Он надел черный шелковый камзол (у него появился уже этот камзол), черные чулки, башмаки с черными пряжками, пудреный парик и кружевное жабо и в нанятой Даниловым карете отправился в дом старухи Олуньевой, где жила Наташа.

На козлах важно и гордо восседал Кузьма в ливрее и треугольной траурной шляпе. Иволгин предлагал свои услуги стать на запятки тоже в виде лакея, причем уверял, что так изменит свое лицо, что никто не узнает его; но Чарыков-Ордынский отклонил это предложение.

Надо было видеть, с каким торжеством Данилов, видевший ливрейных лакеев в передней своего бывшего командира Густава Бирона, раскрыл дверь швейцарской олуньевского дома и возвестил громогласно:

– Его сиятельство князь Чарыков-Ордынский!

Олуньевские лакеи засуетились (старик Григорий Иванович уехал в деревню с теткой Наташи), побежали наверх докладывать, и один из них чуть ли не бегом вернулся назад, издали уже сообщая, что «просят пожаловать».

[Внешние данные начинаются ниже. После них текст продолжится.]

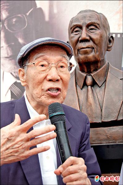 「台灣烏腳病之父」王金河醫師病逝,享年98歲,去年為自己的雕像揭幕致詞時,中氣十足。(資料照,記者楊金城攝)

Давно-давно не видал Чарыков-Ордынский той обстановки изящества и роскоши, в которую он входил теперь. Лаковые ступени лестницы с высоким канделябром, большой зал с лепниной по стенам и потолку, с золоченою мебелью, огромными зеркалами, широкою люстрой со стеклянными подвесками и большими окнами, завешенными красным штофом, лоснящийся, глянцевитый паркет живо напомнили ему далекие детские годы, когда большой богатый дом его родителей был так же полон слугами. И это воспоминание детства, и воздух роскоши, который охватил его, а вместе с тем возможность увидеть сейчас Наташу вдруг обдали его таким счастьем и радостью, что он должен был приостановиться на пороге, чтобы снова овладеть собою.

В это время справа из гостиной послышалось шуршание шелкового платья – мягкий ковер заглушал шаги, затем по паркету застучали маленькие каблучки, и Наташа растерянно-быстро, с нескрываемым испугом приблизилась к Чарыкову-Ордынскому.

 

– Что вы делаете? – заговорила она. – Я не ждала вас так прямо, открыто… Я думала, что вы через калитку как-нибудь… Ведь вас могут увидеть!

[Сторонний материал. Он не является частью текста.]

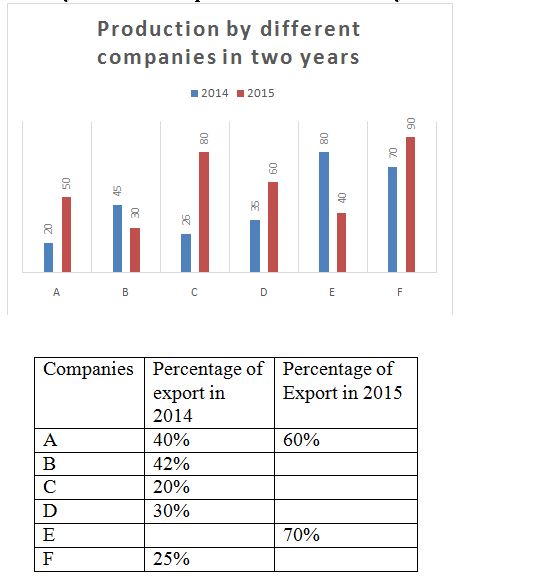 - The average number of mobiles exported by company D and F in 2015 is 35000 while the mobiles exported by company D in 2014 is twice the export in 2015 then find percentage of export by company F out of total production of company F in 2015?

Это ее беспокойство за него было приятно князю Борису. Он улыбнулся светлою, счастливою улыбкою и ответил ей, что если бы его кто-нибудь и увидел, то, во всяком случае, не узнал бы в нем того князя Ордынского, которого разыскивали.

Наташа искоса остановила на нем глаза и, не сказав ему больше ни слова, повела его в гостиную.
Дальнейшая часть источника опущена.